DATA SHOWN
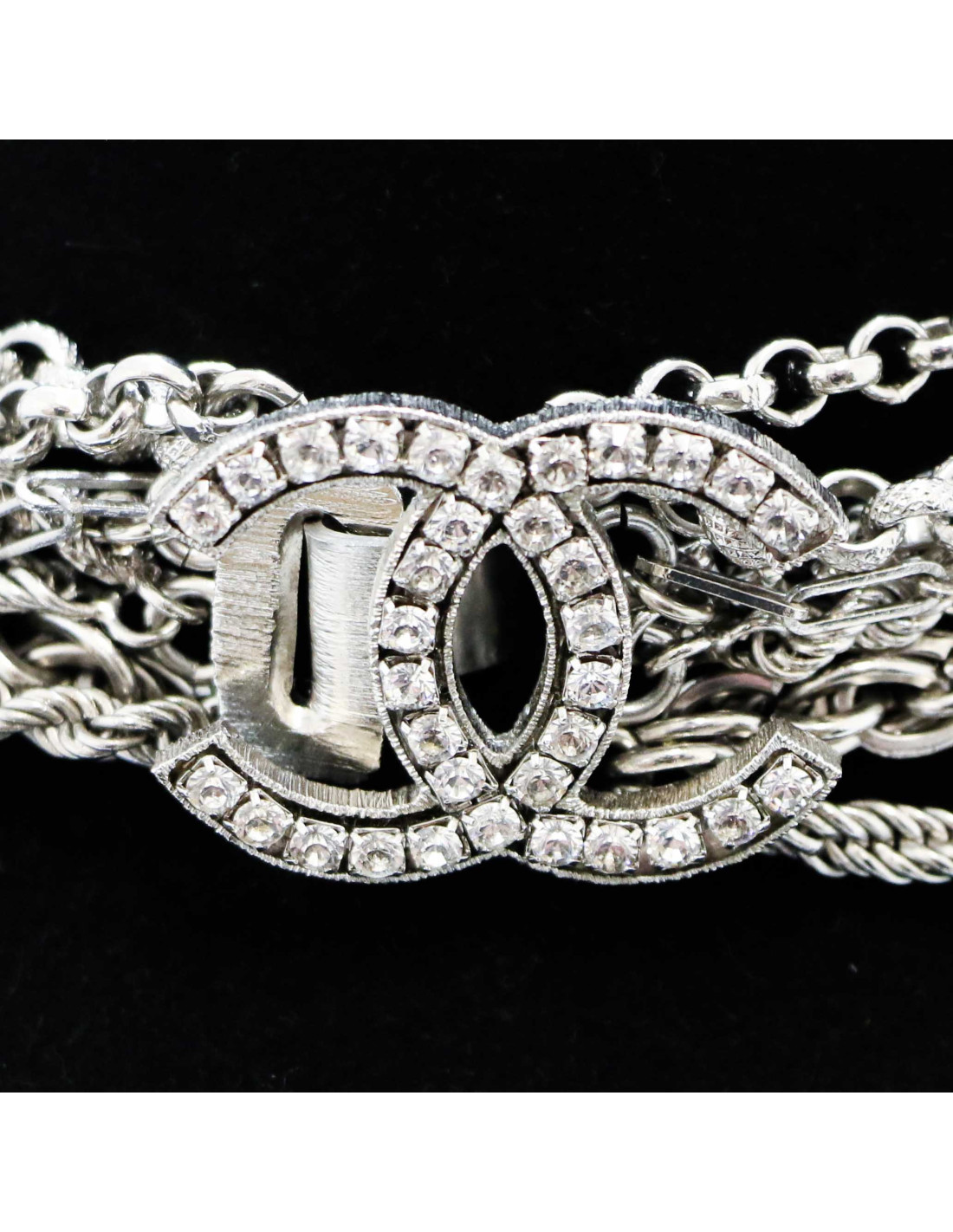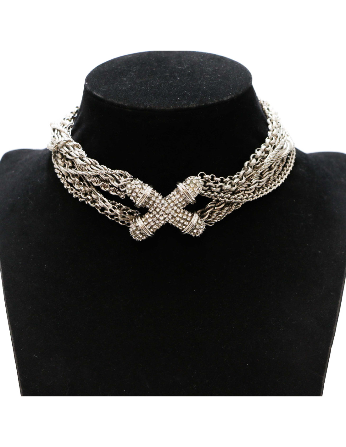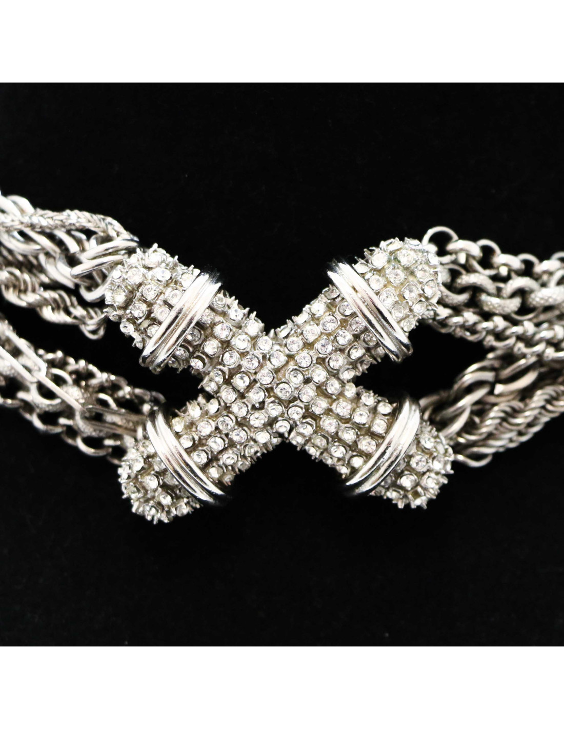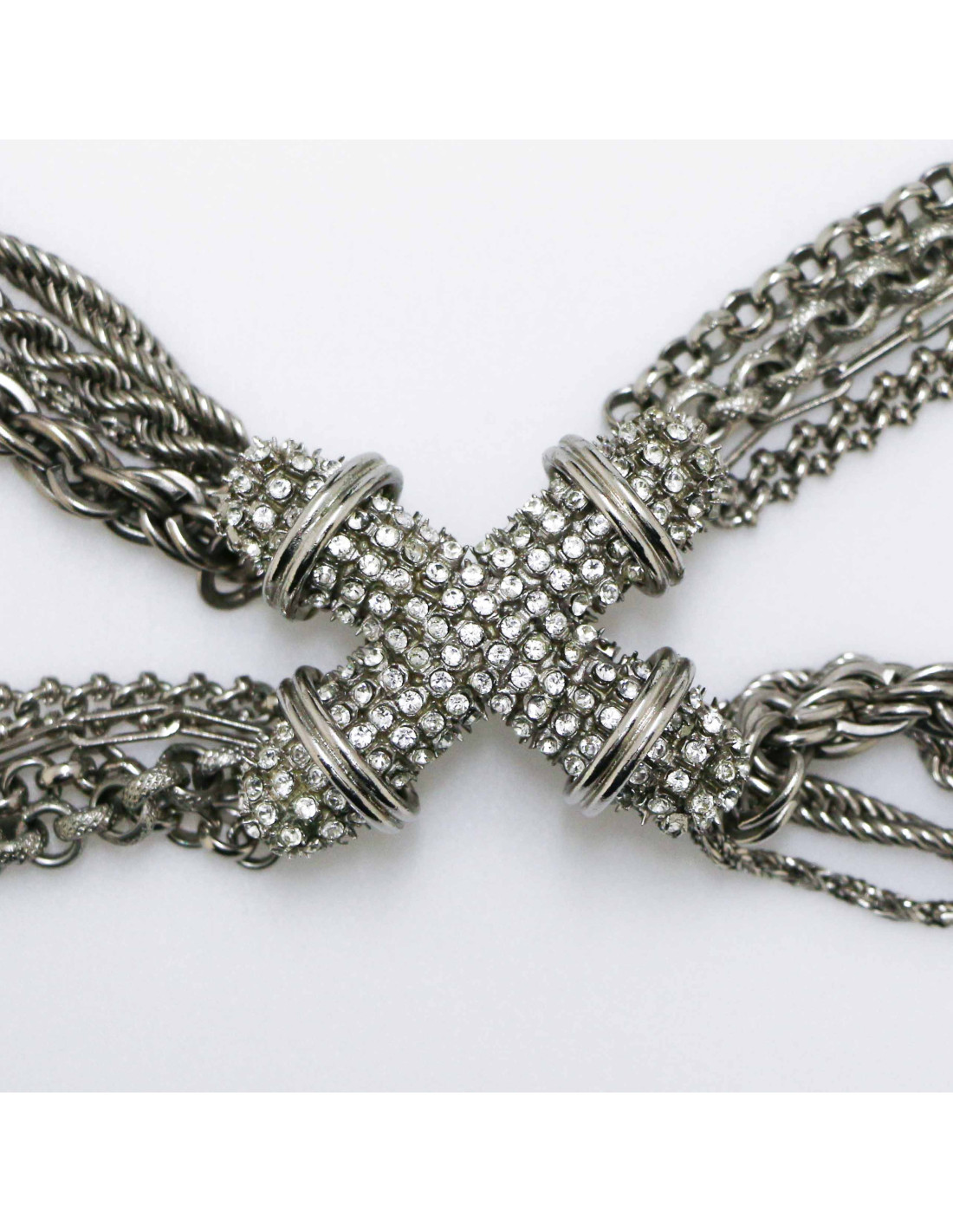 Détails : collier torsadé multi chaînes, croix en et fermoir CC en strass
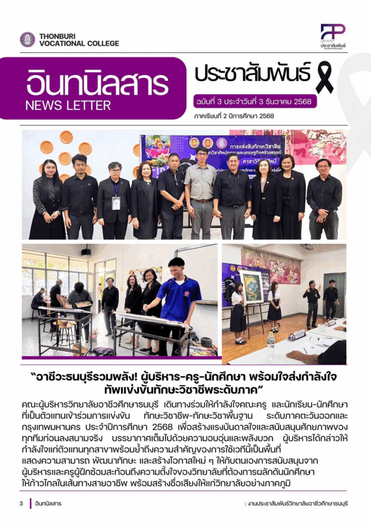 คณะผู้บริหารวิทยาลัยอาชีวศึกษาธนบุรี เดินทางร่วมให้กำลังใจคณะครู และนักเรียน–นักศึกษาที่เป็นตัวแทนเข้าร่วมการแข่งขัน ทักษะวิชาชีพ–ทักษะวิชาพื้นฐาน ระดับภาคตะวันออกและกรุงเทพมหานคร ประจำปีการศึกษา 2568 เพื่อสร้างแรงบันดาลใจและสนับสนุนศักยภาพของทุกทีมก่อนลงสนามจริง
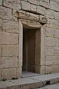 The Temple of Anahita is a large rectangular room in the shape of a cube in a depression 6 meters above the ground, each side of which is nearly 14 meters. It is built of carved stones without mortar, double-walled, and in the Achaemenid architectural style. These stones are connected to each other with iron fasteners. A staircase from the palace was also connected to this temple. The temple has no roof and the purpose was to bring the water of the Shapur River, which flows 250 meters away, into the temple, so that after flowing inside the temple, it would be discharged through a Qanat.[8][9]
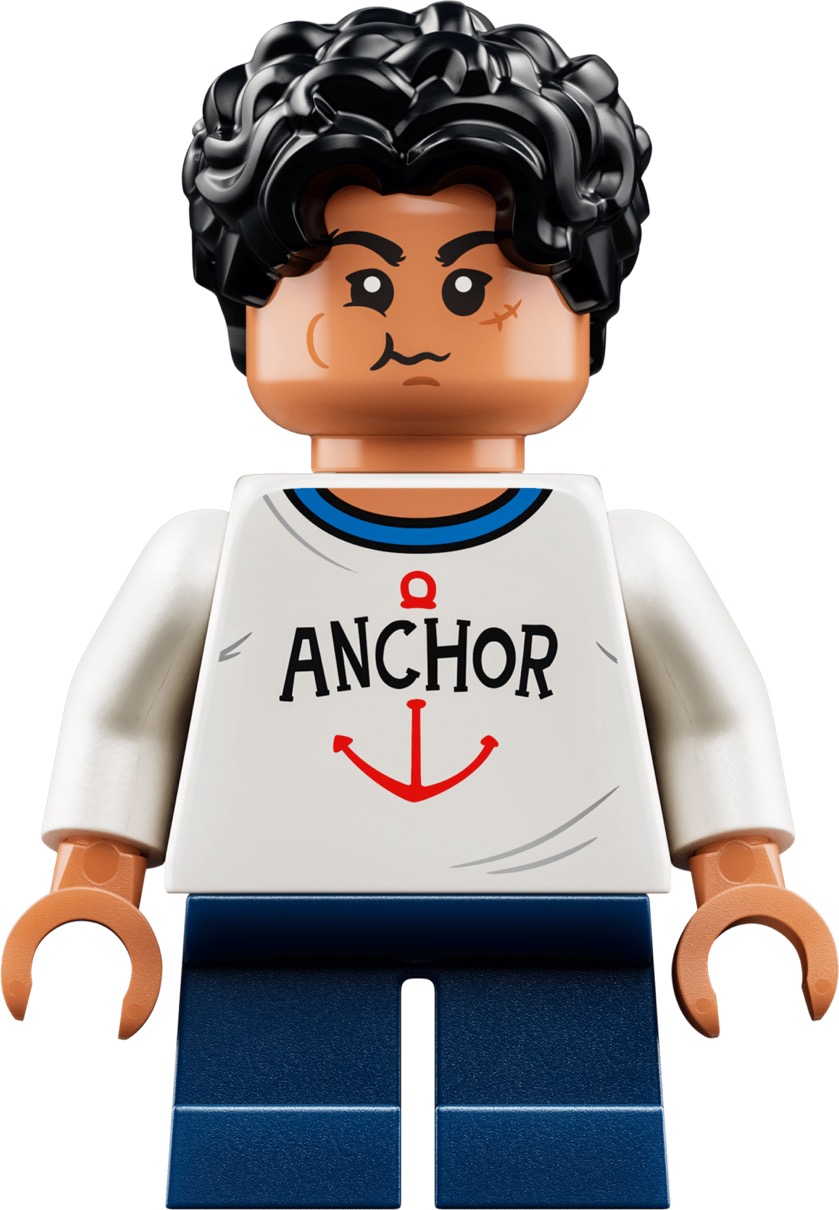 • ミニフィギュア2体 – 上部を開くゴムゴムの実には、子ども時代のモンキー・D・ルフィと、左右に腕を伸ばせる大人のルフィのミニフィギュアが付属
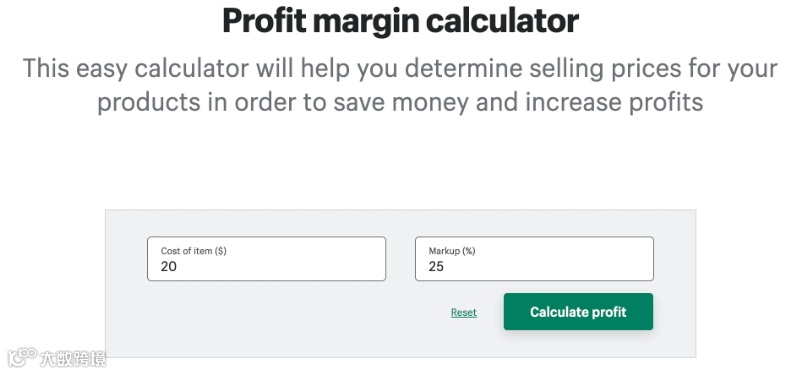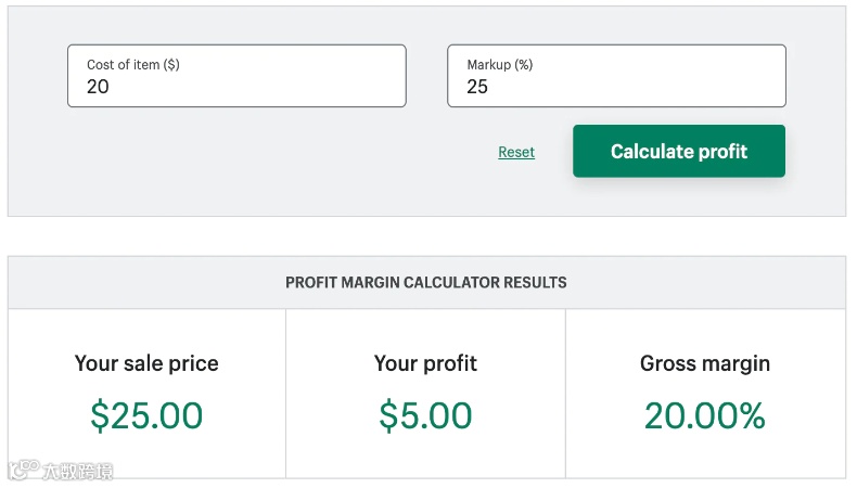 比如独立站Shopify就有利润率计算器,亚马逊等平台也有。以Shopify为例,它采用成本加成定价策略,计算产品制造的总成本,然后添加百分比加价来确定最终售价。
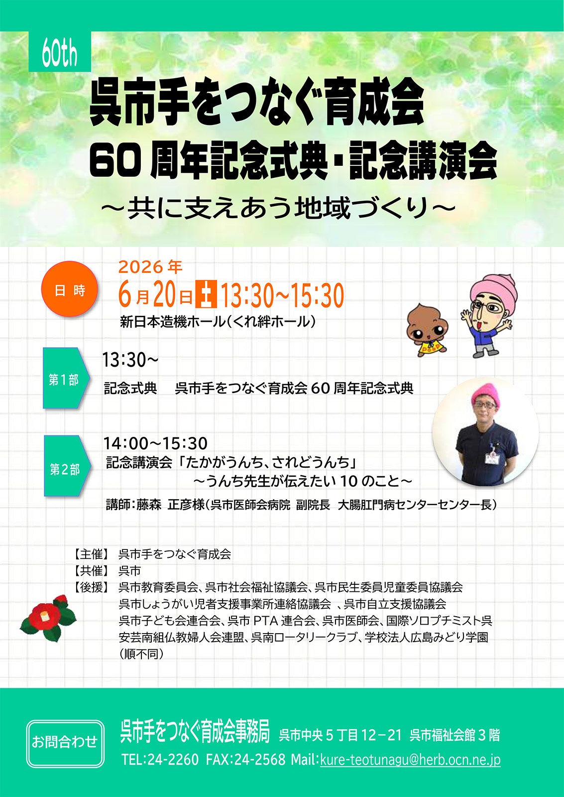 日 時:令和8年6月20日(土)13:30~15:30 場 所:新日本造機ホール(くれ絆ホール) 詳細は添付のチラシをご覧ください。
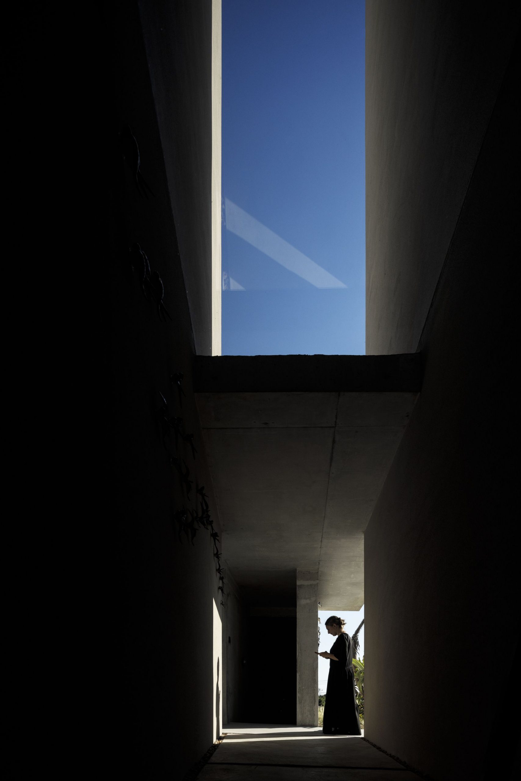 The concept guideline revolves around this frame whose geometry was homogenized in a single mass only to be opened in a thin vertical gap, highlighting the entrance.
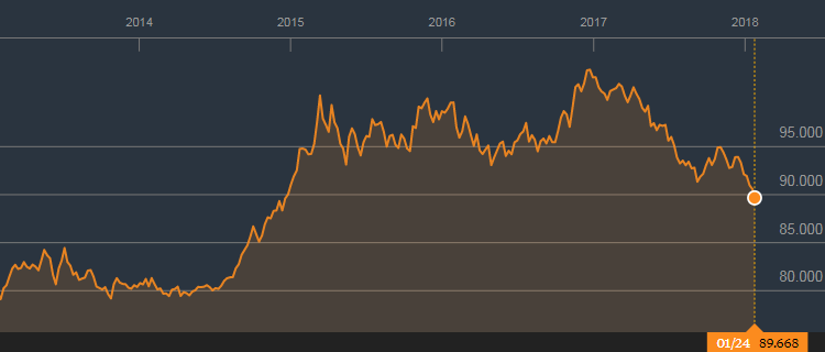 The ICE dollar index, which measures the dollar against a basket of six other currencies, fell nearly 10 percent in 2017. That’s the biggest annual decline since 2003 when the US dollar fell almost 15 percent.
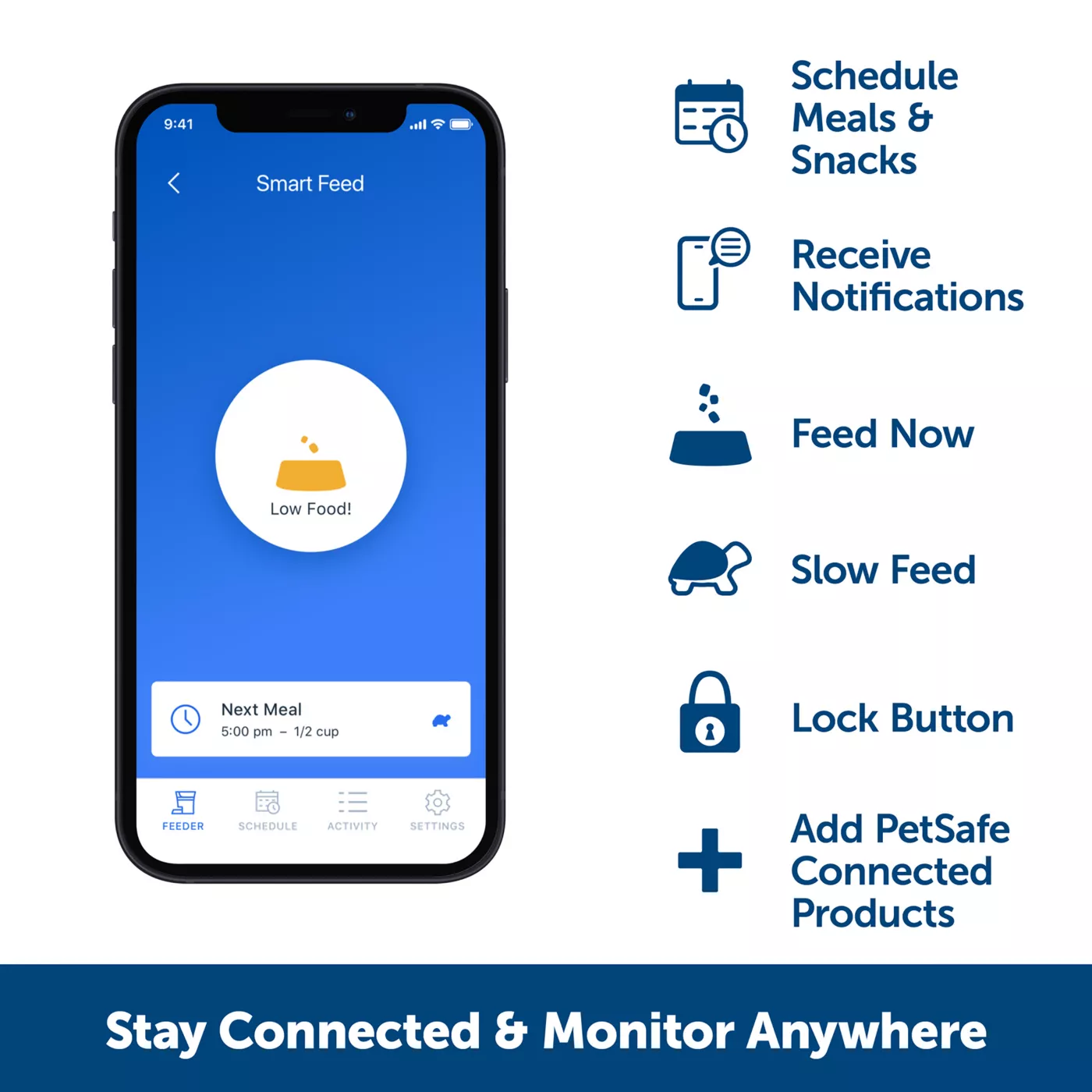 With your smartphone in hand, you can feed your best friend anytime, from anywhere. The PetSafe Smart Feed 2nd Generation Automatic Pet Feeder was thoughtfully designed for pet parents and their pets to bring peace of mind to mealtime. When you download the free, PetSafe Smart Feed app to your smartphone and connect the feeder to your home’s Wi-fi, you'll be able to schedule, adjust and monitor your pet's meals whether you’re at home or at the office. The new, low food sensor will send a notification to your phone when the feeder is running low on kibble and when it is empty, so you can pick up more kibble on the way home. The Smart Feed Automatic Pet Feeder holds 24 cups of dry or semi-moist food. The unique design of the Smart Feed's food conveyor dispenses most shapes and sizes of dry and semi-moist food while helping to prevent jams. Meals can be scheduled for up to 12 times daily in sizes from 1/8 cup to 4 cups per meal. The optional SlowFeed setting dispenses meals larger than 1/8 cup in small amounts over 15 minutes for pets who tend to eat too quickly. There is also a Feed Now option that lets you serve a meal instantly from the app or with the push of the pet-proof button on the feeder. The PetSafe Smart Feed Automatic Pet Feeder includes a stainless-steel bowl with a removable holder to prevent your pet from tipping or moving the bowl. The feeder components are top-rack dishwasher safe to make cleaning simple. feeder includes an AC power adaptor and has a backup battery option using 4 D alkaline batteries (not included). To connect your PetSafe Smart Feed Automatic Pet Feeder to your smartphone app, a 2.4GHz (802.11b/g/n) router is required. Devices that work with the mobile app are iPhones or iPods with iOS 9.0 or later and compatible Android smartphones version 6.0 or later. One feeder can be controlled from multiple family members' smartphones. Multiple feeders also can be controlled from one smartphone within the PetSafe Smart Feed app. PetSafe brand is here to help you and your pet live happy together.
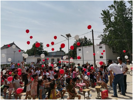 隨后,現(xiàn)場嘉賓和小朋友們一起放飛了印有美盛LOGO標(biāo)志的氣球,五顏六色的氣球伴隨著孩子們的笑容和歌聲緩緩的飛向的天空的懷抱,放飛了氣球,也是放飛了孩子們的夢想。希望孩子們都能夠依靠自己的努力來改變命運(yùn),實(shí)現(xiàn)理想,美盛地產(chǎn)集團(tuán)將會繼續(xù)伴隨這些孩子們的成長,傳遞美盛正能量。

ASSIGNMENT
Would you restate, word for word and with no pictures, only the lines from the opening of the material through the line with "The ICE dollar", both included?

OUTPUT OF THE EXERCISE
 Détails : collier torsadé multi chaînes, croix en et fermoir CC en strass
 คณะผู้บริหารวิทยาลัยอาชีวศึกษาธนบุรี เดินทางร่วมให้กำลังใจคณะครู และนักเรียน–นักศึกษาที่เป็นตัวแทนเข้าร่วมการแข่งขัน ทักษะวิชาชีพ–ทักษะวิชาพื้นฐาน ระดับภาคตะวันออกและกรุงเทพมหานคร ประจำปีการศึกษา 2568 เพื่อสร้างแรงบันดาลใจและสนับสนุนศักยภาพของทุกทีมก่อนลงสนามจริง
 The Temple of Anahita is a large rectangular room in the shape of a cube in a depression 6 meters above the ground, each side of which is nearly 14 meters. It is built of carved stones without mortar, double-walled, and in the Achaemenid architectural style. These stones are connected to each other with iron fasteners. A staircase from the palace was also connected to this temple. The temple has no roof and the purpose was to bring the water of the Shapur River, which flows 250 meters away, into the temple, so that after flowing inside the temple, it would be discharged through a Qanat.[8][9]
 • ミニフィギュア2体 – 上部を開くゴムゴムの実には、子ども時代のモンキー・D・ルフィと、左右に腕を伸ばせる大人のルフィのミニフィギュアが付属
 比如独立站Shopify就有利润率计算器,亚马逊等平台也有。以Shopify为例,它采用成本加成定价策略,计算产品制造的总成本,然后添加百分比加价来确定最终售价。
 日 時:令和8年6月20日(土)13:30~15:30 場 所:新日本造機ホール(くれ絆ホール) 詳細は添付のチラシをご覧ください。
 The concept guideline revolves around this frame whose geometry was homogenized in a single mass only to be opened in a thin vertical gap, highlighting the entrance.
 The ICE dollar index, which measures the dollar against a basket of six other currencies, fell nearly 10 percent in 2017. That’s the biggest annual decline since 2003 when the US dollar fell almost 15 percent.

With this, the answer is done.